GAIC raised several counterarguments on the insurance side. It pointed to the general principle that an insurer cannot subrogate against its own insured, but the court found that inapplicable because Lexington was not seeking recovery from FBB - it was seeking recovery of the arbitration award that FBB had obtained for fees Lexington had paid.

GAIC also argued that Lexington had waived its subrogation rights. The general liability policy did contain a blanket waiver of subrogation endorsement, but it only kicked in where the insured had waived the liability of the party against whom subrogation was sought as part of a written agreement. FBB had not waived CAB's liability - it had, in fact, recovered millions from CAB in the arbitration. The construction contract did require that all insurance policies contain a waiver of subrogation provision, but the actual insurance policies did not contain such a provision, and CAB never enforced that contractual requirement. The court applied the plain language of the policies as written.

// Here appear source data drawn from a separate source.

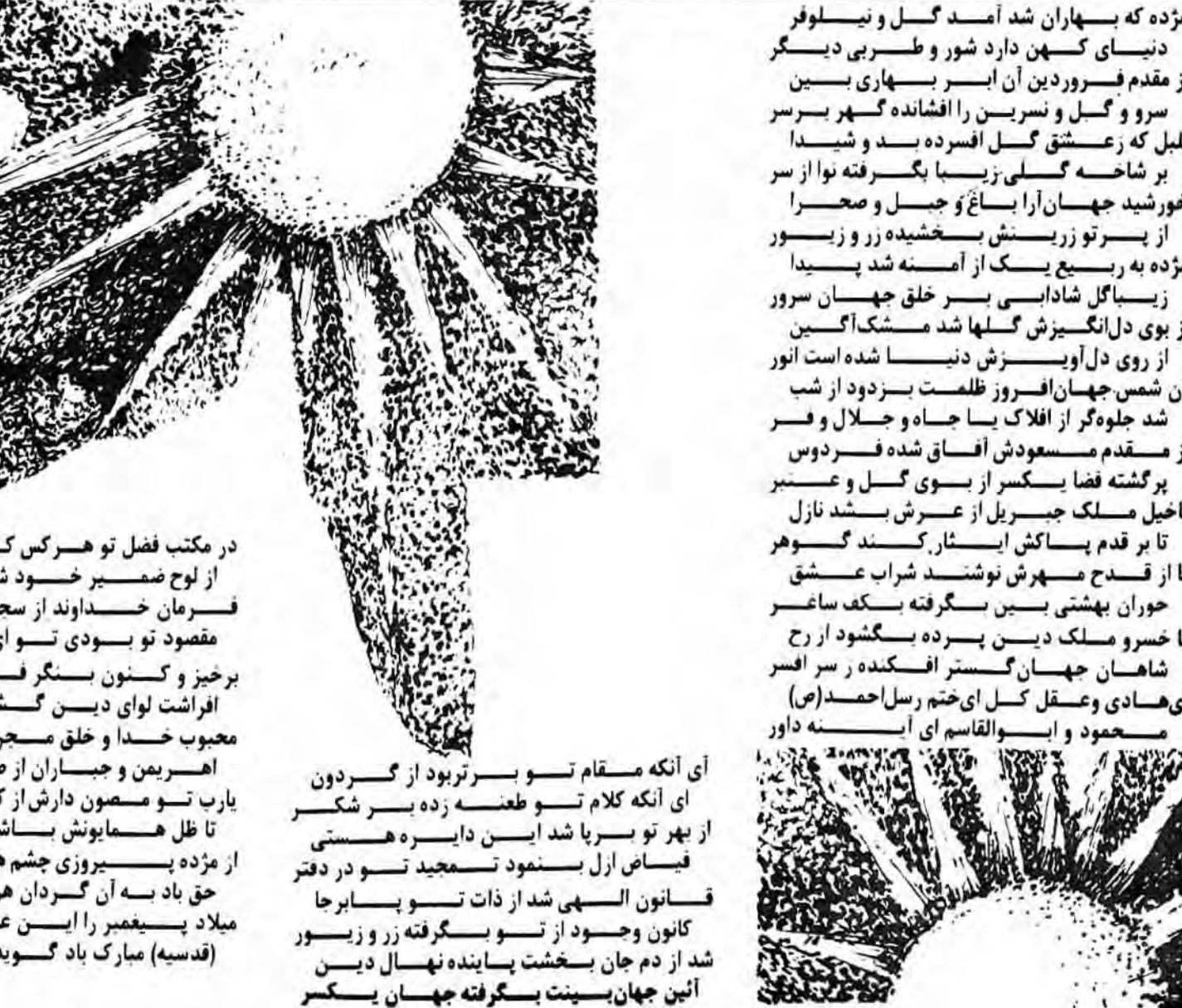
در مکتب فضل تو هر کس که کند تسلیم از لوح ضمیر خود شوید رقم دیگر فرمان خداوند از سجده بر آدم

مژده که بهاران شد آمد گل و نیلوفر دنیای کهن دارد شور و طبری دیگر از مقدم فروردین آن ایبر بهاری بسین سرو و گل و نسرين را افشانه گهر برسر لبیل که ز عشق گل افسرده بند و شیدا بر شاخه گلی زیبا بگرفته نوا از سر خورشید جهان آرا باغ و جیل و صحرا از پستو زربش خشنیده زر و زیور مژده به ربیع یک از آسنة شد پیدا زیبا گل شادابی بر خلق جهان سرور از بوی دل انگیزش گلها شد مشک آگین از روی دل آویزش دنیا شده است نور آن شمس جهان افروز ظلمت بزود از شب شد جلوه گر از افلاک یا جاه و جلال و فر از مقدم مسعودش آفاق شده فردوس پرگشته فضا یکسر از بسوی گل و عنبر باخیل ملک جبریل از عرش بشد نازل تا بر قدم پاکش ایثار کنند گوهر تا از قدح مهرش نوشند شراب عشق خوران بهشتی بسین بگرفته سناغر تا خسرو ملک دین برده بگشود از رخ شاهان جهان گستر افکنده ر س افسر ای هادی و عقل کل ای ختم رسل احمد (ص) محمود و ابوالقاسم ای آینه داور
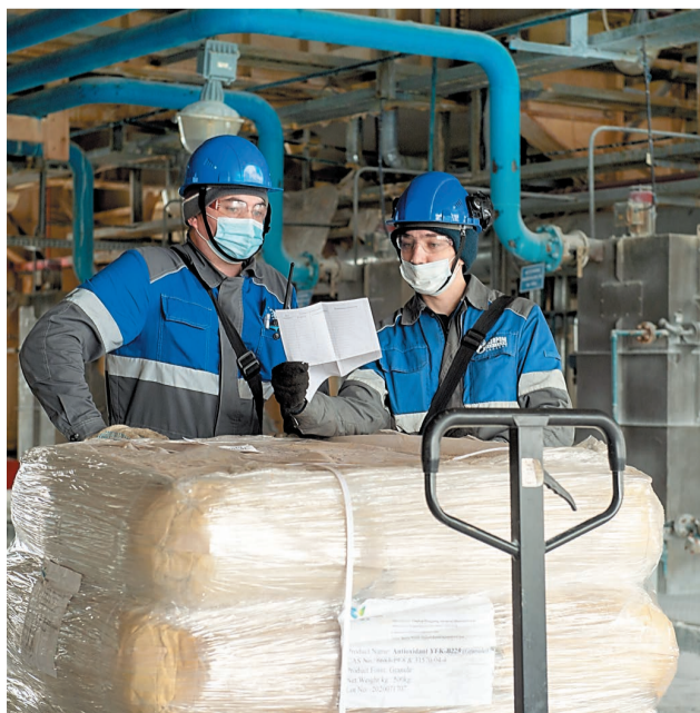
Процессинговая добавка дала положительный результат во время фиксированного пробега в цехе № 20

8 фиксированных пробегов прошло в 2020 году в рамках оптимизации планирования производства и технико-экономических показателей. Два из них наиболее значимы. На производстве ЭП-355 была установлена возможность переработки бензиновой фракции с облегченным составом (температура конца кипения до 174 °С) в объеме 130 т/ч в холодное время года и 121 т/ч в теплое время года с соответствующим сокращением переработки ШФЛУ. Была реализована схема транспортирования Оренбургского стабильного газового конденсата в смеси с нефтью Царичанского месторождения по конденсатопроводу-отводу IV нитки Оренбург – Салават – Уфа в парк ЭЛОУ пл. «А» ТСЦ НПЗ.
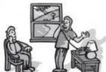
bei einem Freund.
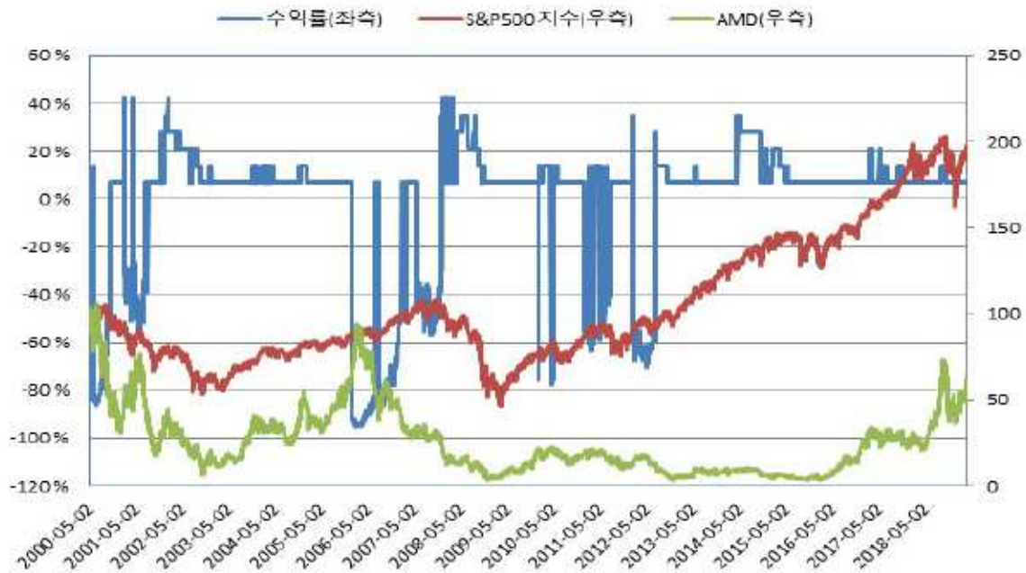
미래에셋증권 제33050회 (수익률 모의실험)

On the question of whether FBB had been made whole - a prerequisite for an insurer to exercise subrogation rights under the equitable made-whole doctrine - the court found that FBB had been made whole through the contract damages and the roughly $820,000 portion of the fee award representing fees FBB had paid out of its own pocket. The $3.91 million that Lexington paid was not part of FBB's own recovery.

The court imposed a constructive trust on the $3.91 million held by GAIC, ordering it to convey those funds to Lexington. Allowing GAIC to keep the money, the court reasoned, would amount to unjust enrichment.

Both sides had also accused each other of tortious interference with contract. Neither claim survived. The court found that Lexington was justified in asserting its claim to the fee award given its contractual and legal rights. It also found that GAIC was justified in asserting its own rights given the genuine complexity of the legal questions involved - a tacit acknowledgment that this was a legitimately difficult case, not a frivolous power grab by either side.

Lexington had also asked for prejudgment interest, but the court deferred that question for further briefing, with a schedule running through mid-May 2026. Final judgment has not yet been entered.

The case is worth watching for anyone in the surety or liability insurance space. The core takeaway is that when an insurer pays for a defense and those costs are later awarded back in litigation or arbitration, the insurer - not the insured, and not the insured's surety - may be treated as the real party in interest to those funds, regardless of any competing security interests. That has practical implications for how sureties and insurers structure their agreements and for how they approach recovery when their interests overlap on the same project.

A separate dispute between FBB and Lexington over whether the $1.56 million in liquidated damages is covered by the insurance policies remains pending in federal litigation in Florida, currently stayed for arbitration.